--- Input records Enclosed Below ---

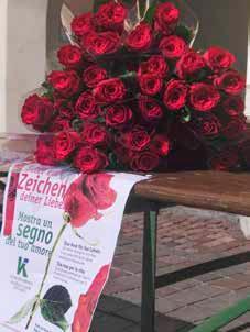 Vendita delle Rose È l’evento clou della nostra attività annuale, la vendita delle rose. E proprio per questo motivo ogni anno sono in tanti ad aiutarci. Anche quest’anno il Venerdì Santo ci siamo trovati presso la giardineria Mahlknecht a Brunico per preparare le rose da vendere davanti a tutte le parrocchie la domenica di Pasqua. Quest’anno abbiamo venduto 15.600!
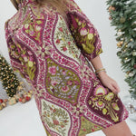 Embrace effortless elegance with this charming mini dress featuring a delicate framed floral print that captures timeless sophistication. The ruffled collar adds a playful touch while the smocked yoke creates flattering definition at the bodice. Fully lined for comfort and confidence, this piece transitions beautifully from casual outings to special occasions. The burgundy mix palette offers versatile styling options that complement any wardrobe. Perfect for those who appreciate feminine details and quality craftsmanship.
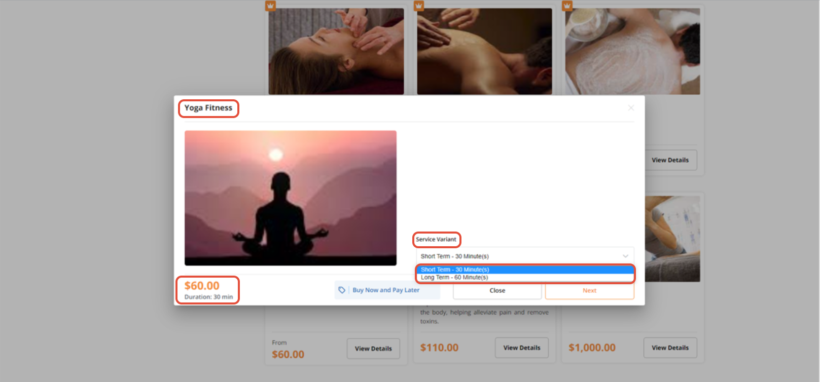 Select the Service Variant from the Dropdown Menu.
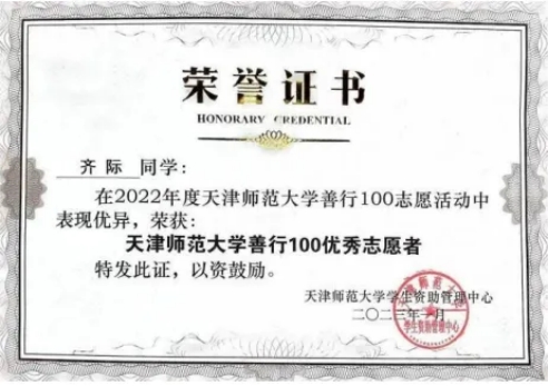 2021年考入天津師范大學后,齊際不僅在學業上刻苦鉆研,更在學生工作與志愿服務中綻放出耀眼光芒。作為班級團支書,他盡心盡力為同學們服務,組織主題團日活動,用真誠帶動他人、凝聚班級;作為學校自強社負責人,他帶領社員們開展幫扶活動,為家庭困難的同學送去關懷,用行動詮釋著“自強”與“互助”的意義。
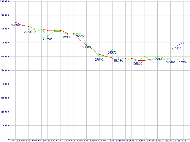 | ※製品名をクリックすると個別のグラフを表示します ※点線部は販売店が確認できなかった、または調査データがないことを示します | |
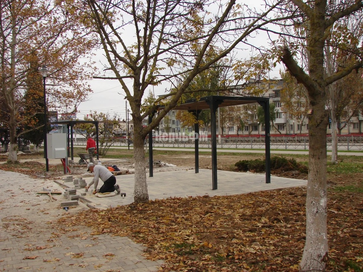 Под перголами в районе керченского РЭС укладывают тротуарную плитку
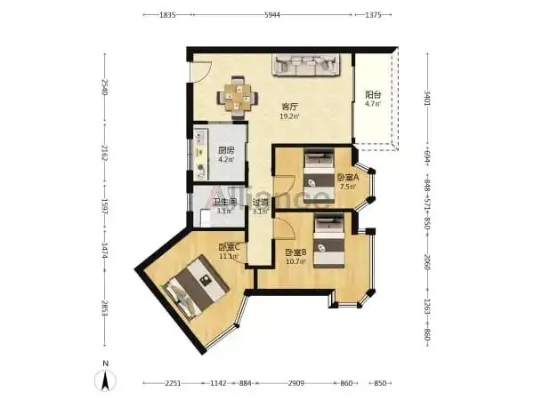◆户型:3室2厅1厨1卫1阳
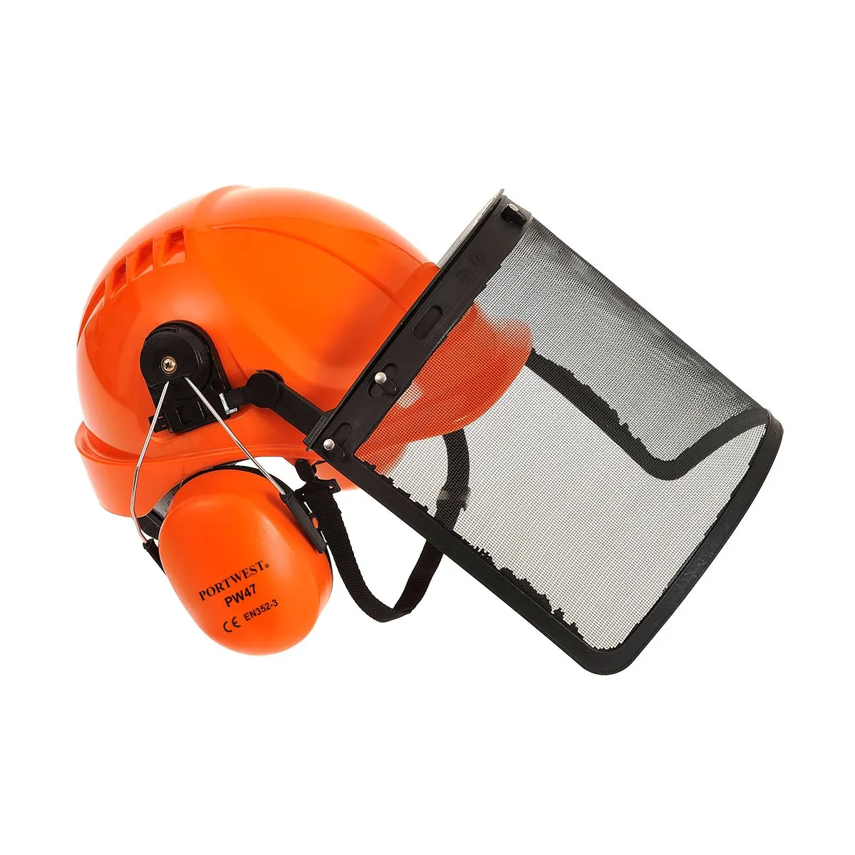 Kit Forestale professionale contenente: -Elmetto di sicurezza ventilato in ABS con regolazione a cremagliera taglia 56-63cm (PS55) - Cuffie antirumore in ABS, regolabili in altezza per una migliore vestibilità (PW47); - Porta-visiera rinforzato e visiera a rete (PS58)
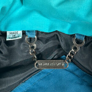 • 80s vintage green polyester, cotton blend shell; black nylon lining; down, waterfowl feather fill jacket

--- End of Enclosed Input records ---

▶ **The task**:
The lines wanted are those from the start of the material above through the line with "Kit Forestale professionale", both included; print them exactly and skip any picture.

▶ **Solution to the exercise**:
 Vendita delle Rose È l’evento clou della nostra attività annuale, la vendita delle rose. E proprio per questo motivo ogni anno sono in tanti ad aiutarci. Anche quest’anno il Venerdì Santo ci siamo trovati presso la giardineria Mahlknecht a Brunico per preparare le rose da vendere davanti a tutte le parrocchie la domenica di Pasqua. Quest’anno abbiamo venduto 15.600!
 Embrace effortless elegance with this charming mini dress featuring a delicate framed floral print that captures timeless sophistication. The ruffled collar adds a playful touch while the smocked yoke creates flattering definition at the bodice. Fully lined for comfort and confidence, this piece transitions beautifully from casual outings to special occasions. The burgundy mix palette offers versatile styling options that complement any wardrobe. Perfect for those who appreciate feminine details and quality craftsmanship.
 Select the Service Variant from the Dropdown Menu.
 2021年考入天津師范大學后,齊際不僅在學業上刻苦鉆研,更在學生工作與志愿服務中綻放出耀眼光芒。作為班級團支書,他盡心盡力為同學們服務,組織主題團日活動,用真誠帶動他人、凝聚班級;作為學校自強社負責人,他帶領社員們開展幫扶活動,為家庭困難的同學送去關懷,用行動詮釋著“自強”與“互助”的意義。
 | ※製品名をクリックすると個別のグラフを表示します ※点線部は販売店が確認できなかった、または調査データがないことを示します | |
 Под перголами в районе керченского РЭС укладывают тротуарную плитку
◆户型:3室2厅1厨1卫1阳
 Kit Forestale professionale contenente: -Elmetto di sicurezza ventilato in ABS con regolazione a cremagliera taglia 56-63cm (PS55) - Cuffie antirumore in ABS, regolabili in altezza per una migliore vestibilità (PW47); - Porta-visiera rinforzato e visiera a rete (PS58)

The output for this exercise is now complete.